Exactly retype the lines from the top of the data through the line containing "俯瞰中老铁路磨憨站。新华社记者 陈新波 摄", leaving out every picture.
[Records supplied Boundary: Start]
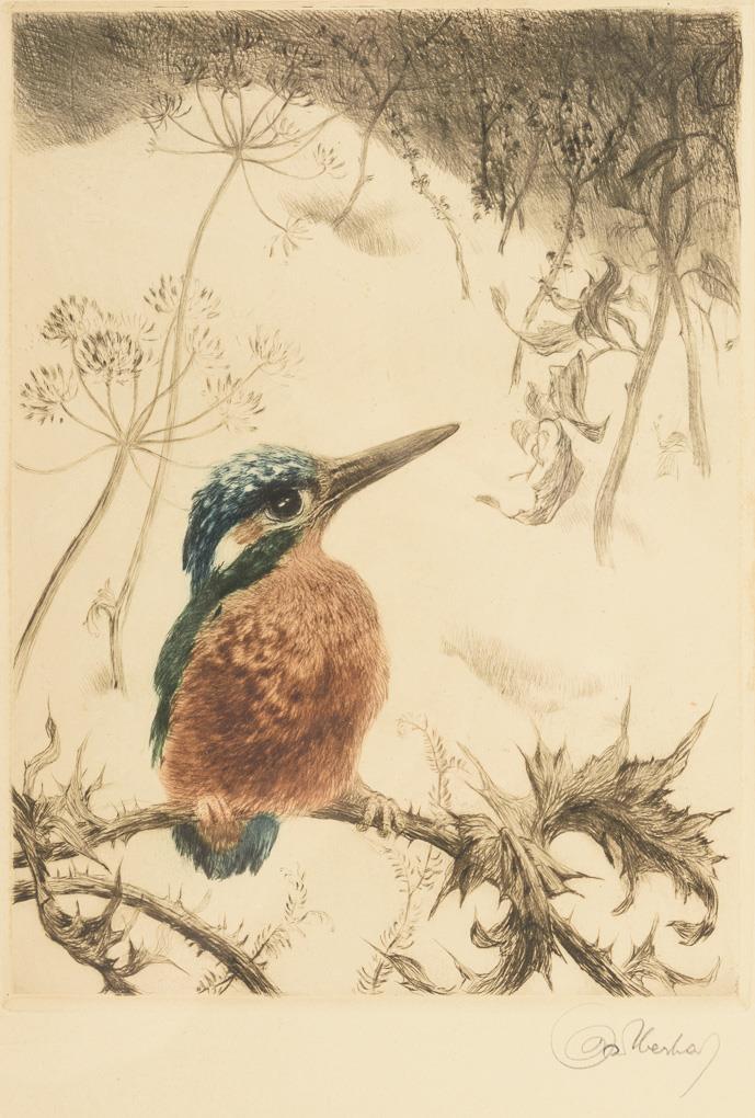 Hare in the Snow, plate: 23.5 x 20 cm, framed & behind glass: 45 x 34.5 cm, marginal area with water stains | Robin on Thistle, plate: 27.5 x 20.5 cm, framed & behind glass: 41 x 31.5 cm, with light damage.
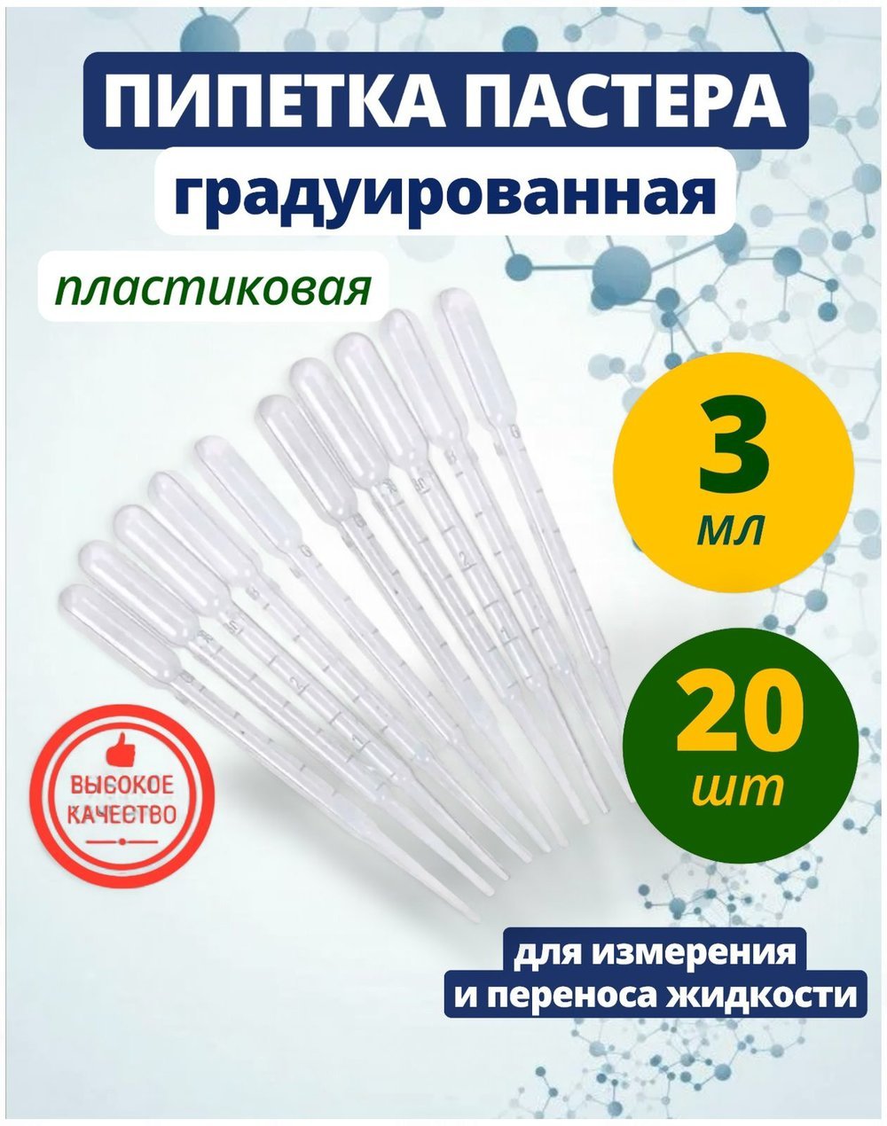 Набор пипеток из 20 штук обеспечивает удобство и экономию.
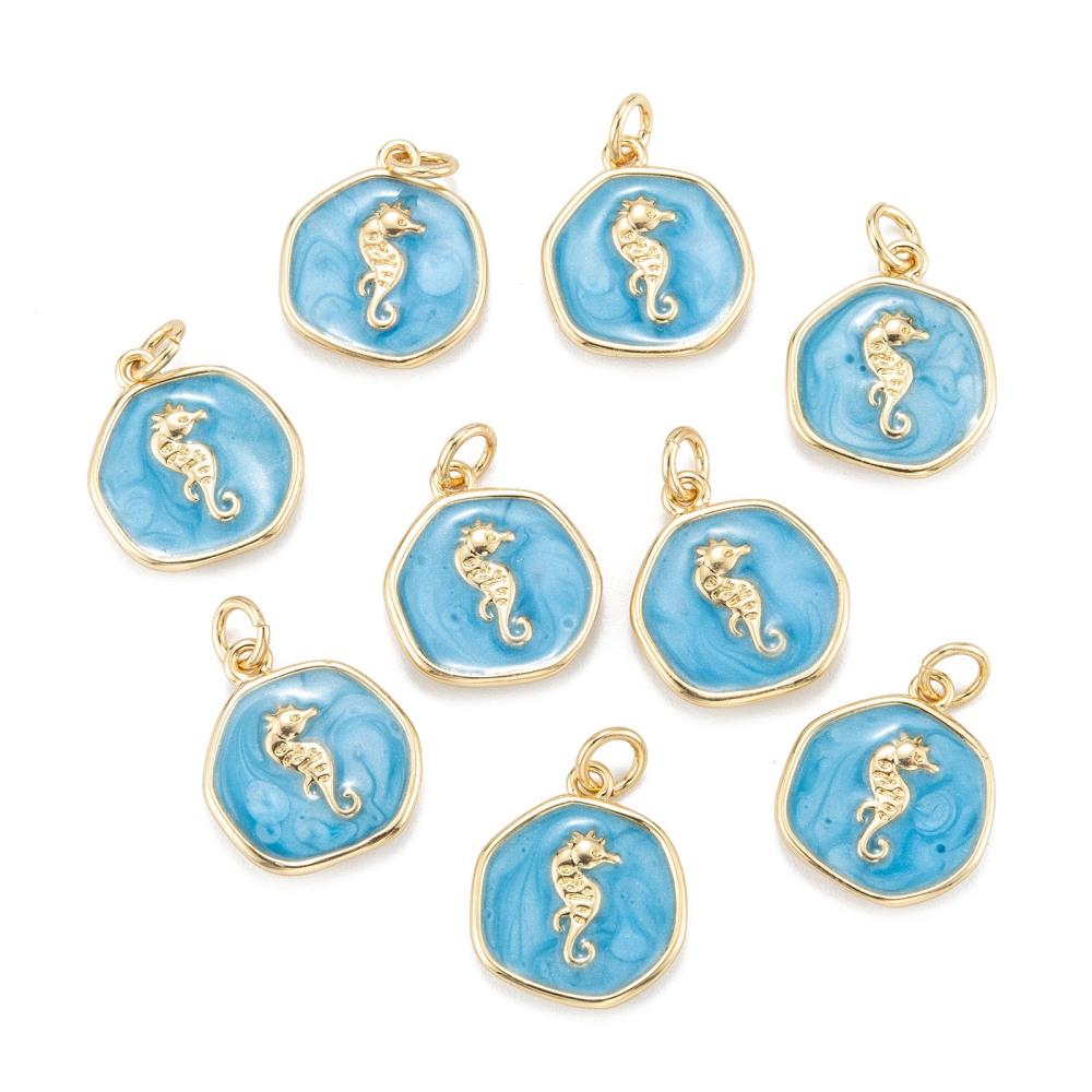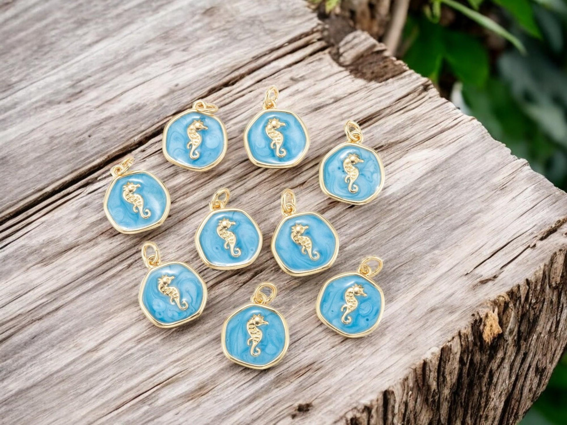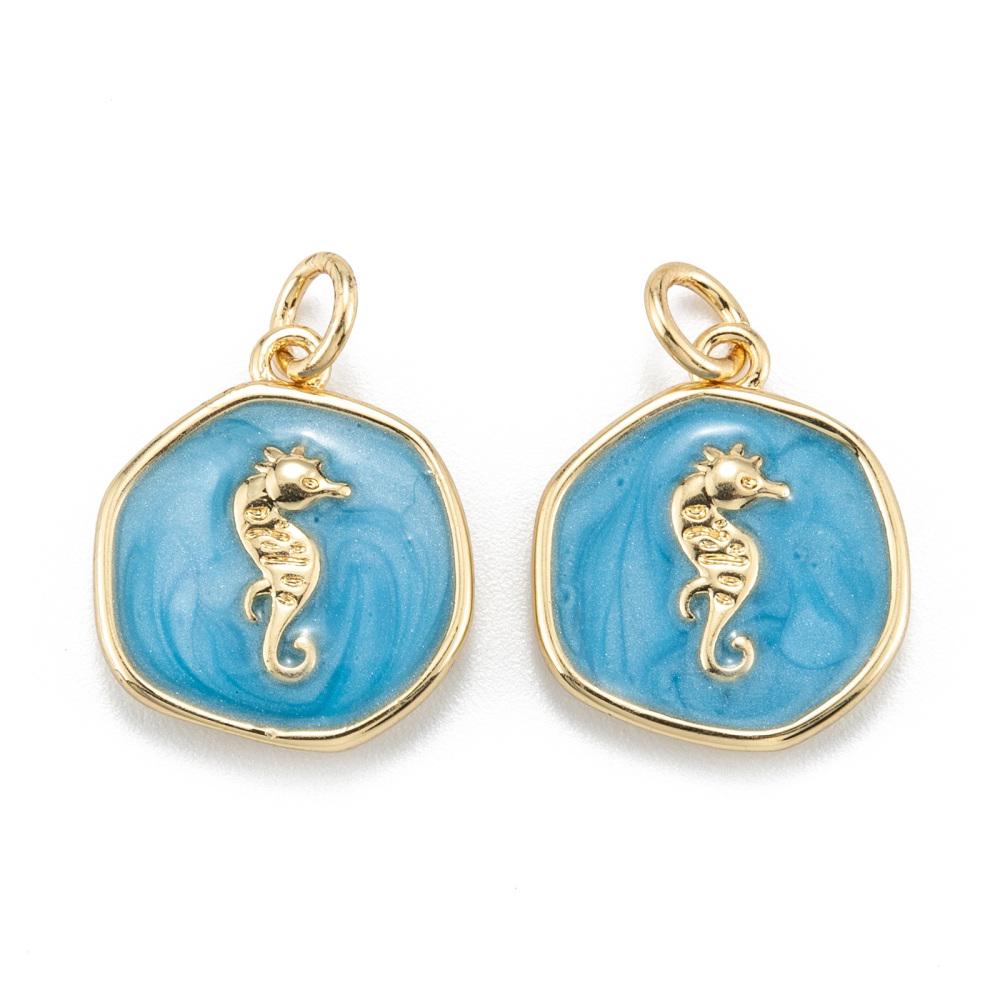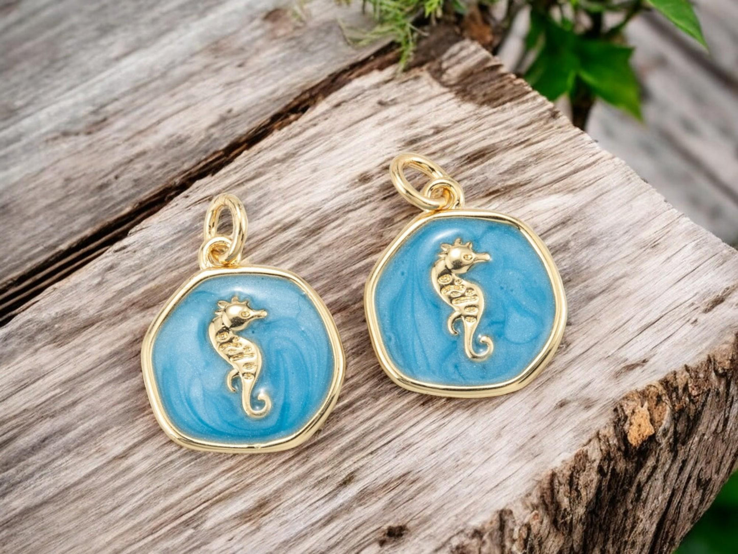 Type/Shape: 18k long lasting gold plated brass w/ blue enamel with seahorse design w/ jump rings
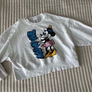 Charming Disney sweatshirt with Minnie Mouse graphic. Features bold blue lettering and a playful design. Ideal for everyday fun.
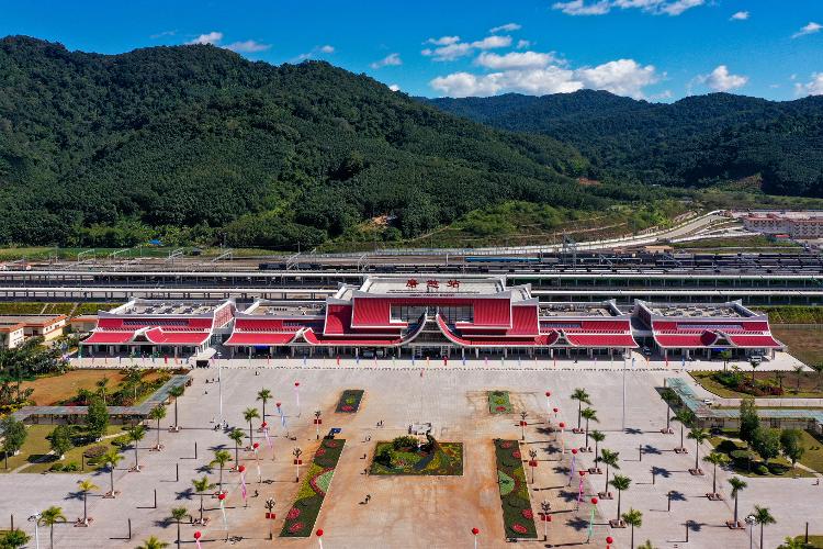 俯瞰中老铁路磨憨站。新华社记者 陈新波 摄
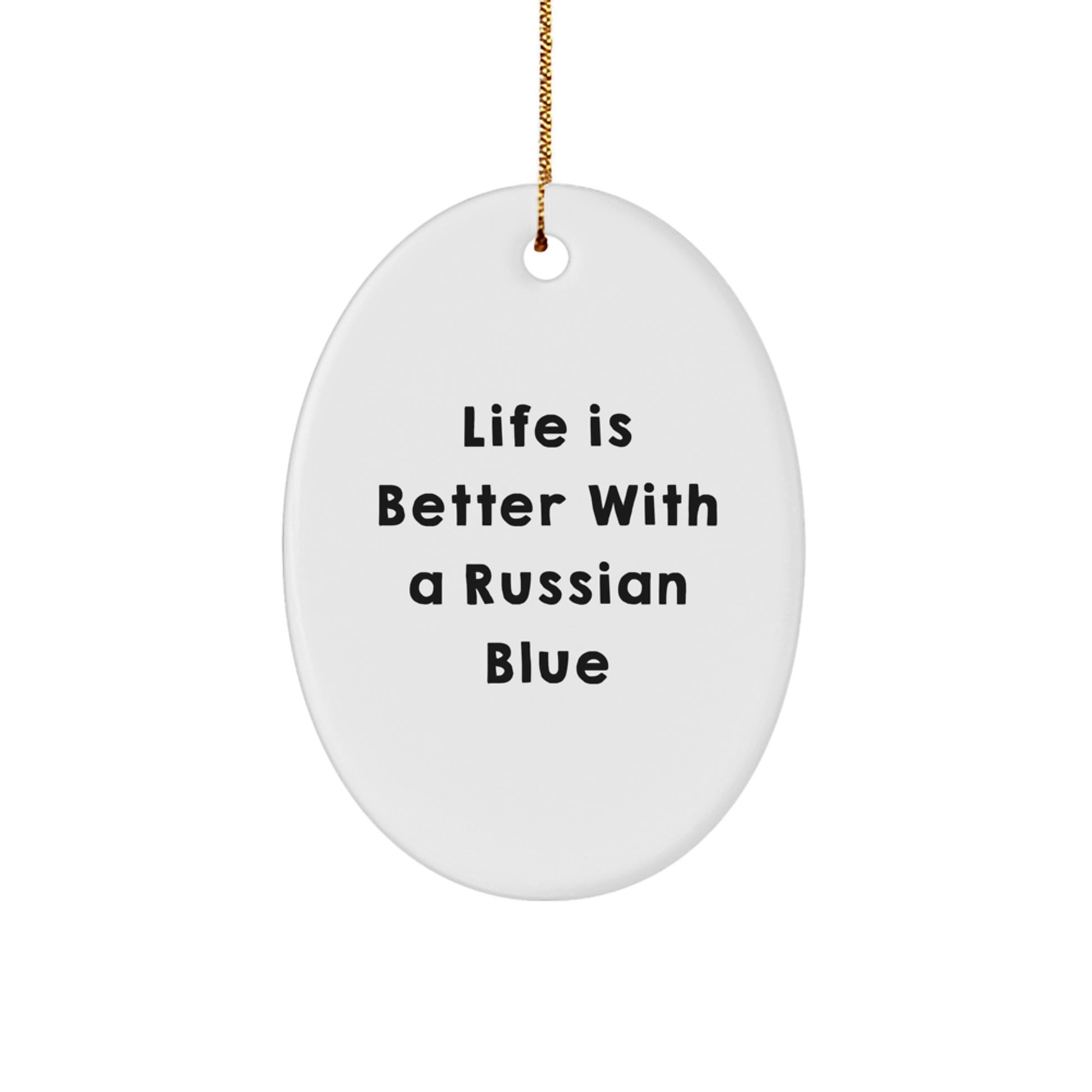 - Nuestro adorno ovalado "La vida es mejor con un gato azul ruso" es una maravillosa adición al hogar de cualquier amante de los gatos azules rusos. Su festivo cordón dorado permite colgarlo fácilmente, perfecto para una decoración sin estrés.
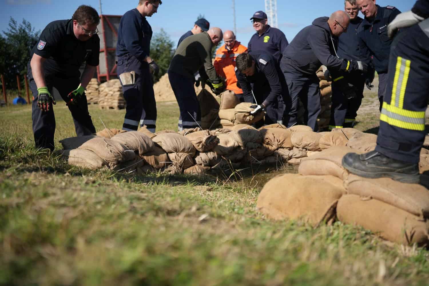 Nach der Theorie wurden an drei Stationen über 600 Sandsäcke gefüllt.
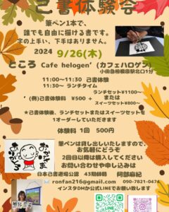 『己書体験会開催』のお知らせ●9/26(木)カフェ halogen(ハロゲン)11:00〜11:30 己書体験11:30〜ランチタイム体験料:¥500+ランチセット¥1100〜🟫己書体験後、ご一緒にランチして楽しみましょう※入店したら、先にランチメニューを決めてお支払いください ランチメニュー、オーダー制となっております筆ペン貸し出しいたします2回目以降は購入してくださいのびのび楽しく己書を描いてみよう🖌️字や絵が下手でも大丈夫🟫お問い合わせや申し込みはインスタDMか公式LINEでお願い致します一般社団法人/日本己書道場公認師範 さにぃ道場 阿部麻紀︎cafe halogen(カフェハロゲン)小田急相模原駅北口2-3分座間市相模が丘1-25-1リビオタワー小田急相模原コモンズざま3F座間市立市民交流プラザ プラッとざま内042-705-3135 ︎営業時間 月、火 10:00〜18:00水、木、金、土、日 10:00〜17:00︎定休日 第一火曜日#己書#己書体験会#座間初開催#座間市#筆ペンアート#筆文字#癒しの書#カッコいい書#さにぃ道場#sunny_onoresho#誰でもOK#やってみよう#出会い#新発見#習い事#趣味#友達作り#プレゼント#お祝い for Instagram
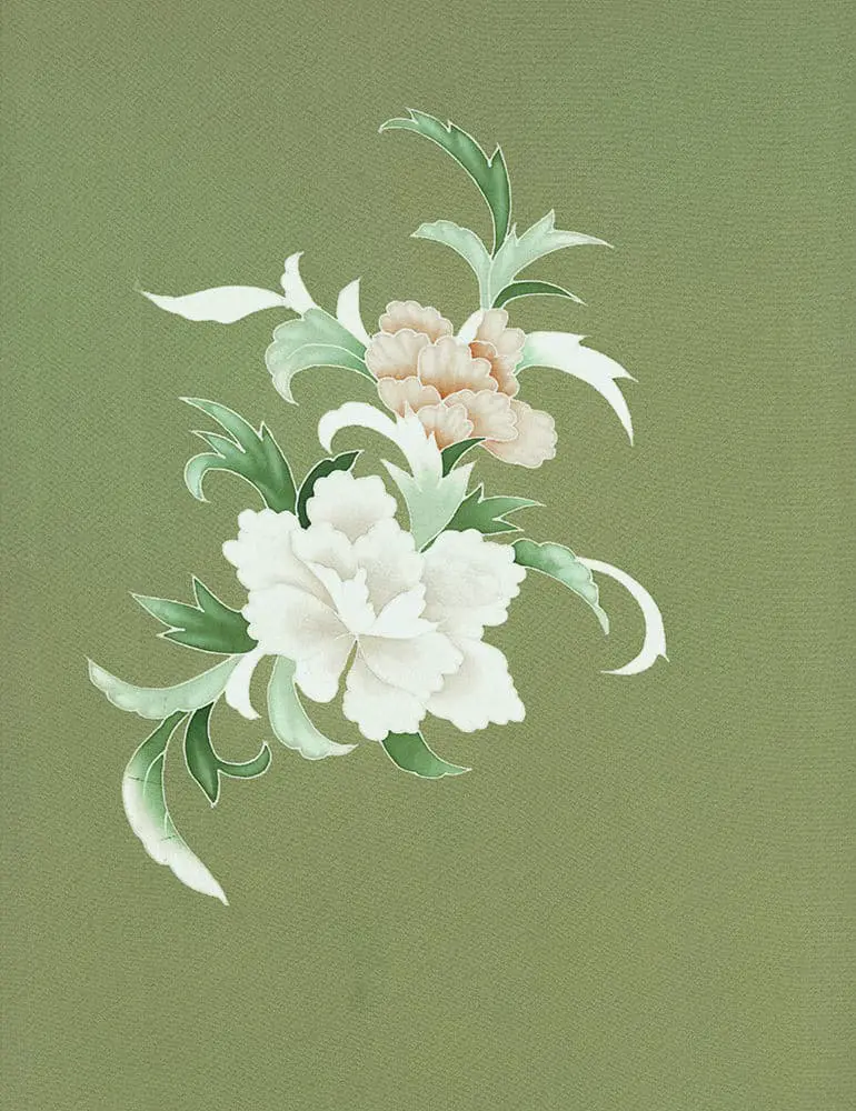 This vintage silk features a delightful pebbly texture in a spring green hue, adorned with flowers in white and melon-orange. It's a soft silk with an excellent drape, preserved in excellent condition. There are subtle mottled areas on the background color, noticeable only if you're specifically looking for them. Additionally, there's a bit of wear on the seam lines. Its measurements are 14.5 inches (37 cm) by 69 inches (175 cm).
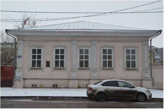 I. Местоположение, роль и градостроительные характеристики усадьбыУсадьба находится в историческом центре, в ряду застройки улицы Карла Маркса, в квартале, ограниченном ул. 9 Января, пр. Мира, ул. Парижской Коммуны и ул. Карла Маркса. Ворота примыкают к юго-восточному углу флигеля.Условия зрительного восприятияВоспринимается с южной стороны ул. Карла Маркса с середины участка, ограниченного ул. Парижской Коммуны и ул. 9 Января.II. Флигель1. Объемно-пространственная композиция здания в целомВысокий одноэтажный деревянный на кирпичном цоколе флигель под вальмовой крышей, оштукатуренный и оформленный под каменный дом. Флигель прямоугольный в плане, вытянут вглубь участка и имеет с востока выступающий тамбур главного входа с лучковым фронтоном. В тамбур ведет крыльцо, над которым расположен опирающийся на криволинейные кронштейны козырек с лучковым фронтоном, подобным фронтону тамбура. Второй вход расположен со стороны двора (с севера), на месте утраченной пристройки, вход в подвал осуществляется через приямок, расположенный на дворовой половине флигеля (с востока). 2.Внутренняя планировкаУгловой трехоконный зал на юго-востоке и двухоконный зал на юго-западе связаны между собой анфиладно, остальное пространство здания имеет Г-образную коридорную планировку.3. Колористическое решениеСтены окрашены в желтый цвет, наличники, карниз, подкарнизная тяга и лопатки – в белый. 4. Южный фасад4.1. Композиция фасадаФасад симметричный, решен в пять осей оконных проемов с лучковым завершением. Композиционно фасад разбит широкими филенчатыми лопатками на три прясла. В центральном прясле одна оконная ось, в боковых пряслах – по две оси. Подшивной профилированный карниз большого выноса имеет подкарнизную профилированную тягу. Под карнизом проходит узкий плоский фриз, отделенный от поля стены тягой, раскрепованной по лопаткам. Высокий цоколь выделен уступом и раскрепован по лопаткам, имеет прямоугольные сдвоенные продухи на второй и пятой осях. С востока фасад удлинен пристройкой тамбура в одну оконную ось с лучковым завершением (пристройка ниже основного объема).4.2. Декоративное оформление фасадаФиленчатые лопатки обрамлены профилированными тягами, внутри филенки оштукатурены «под шубу». Пьедесталы лопаток декорированы квадрами, обведенными профилированной тягой. Окна обведены профилированной тягой, опирающейся в уровне подоконников на декоративные кронштейны, украшенные орнаментом растительного характера.5. Западный фасад5.1. Композиция фасада Фасад асимметричный, решен в пять осей оконных проемов с прямым завершением. Композиционно фасад разбит широкими филенчатыми лопатками на четыре прясла. Окна подвала меньше по высоте, чем окна первого этажа, расположены на первой, второй и третьей осях, имеют лучковое завершение. В центральных пряслах – по две оконные оси, в боковом (северном) прясле – одна. Подшивной профилированный карниз большого выноса имеет подкарнизную профилированную тягу. Под карнизом проходит узкий плоский фриз, отделенный от поля стены тягой, раскрепованной по лопаткам. Высокий цоколь выделен уступом.5.2. Декоративное оформление фасада Филенчатые лопатки обрамлены профилированными тягами, внутри филенки оштукатурены «под шубу». Окна обведены профилированной тягой.6. Северный фасад6.1. Композиция фасада Углы
[Records supplied Boundary: End]
* Result of this exercise:
 Hare in the Snow, plate: 23.5 x 20 cm, framed & behind glass: 45 x 34.5 cm, marginal area with water stains | Robin on Thistle, plate: 27.5 x 20.5 cm, framed & behind glass: 41 x 31.5 cm, with light damage.
 Набор пипеток из 20 штук обеспечивает удобство и экономию.
 Type/Shape: 18k long lasting gold plated brass w/ blue enamel with seahorse design w/ jump rings
 Charming Disney sweatshirt with Minnie Mouse graphic. Features bold blue lettering and a playful design. Ideal for everyday fun.
 俯瞰中老铁路磨憨站。新华社记者 陈新波 摄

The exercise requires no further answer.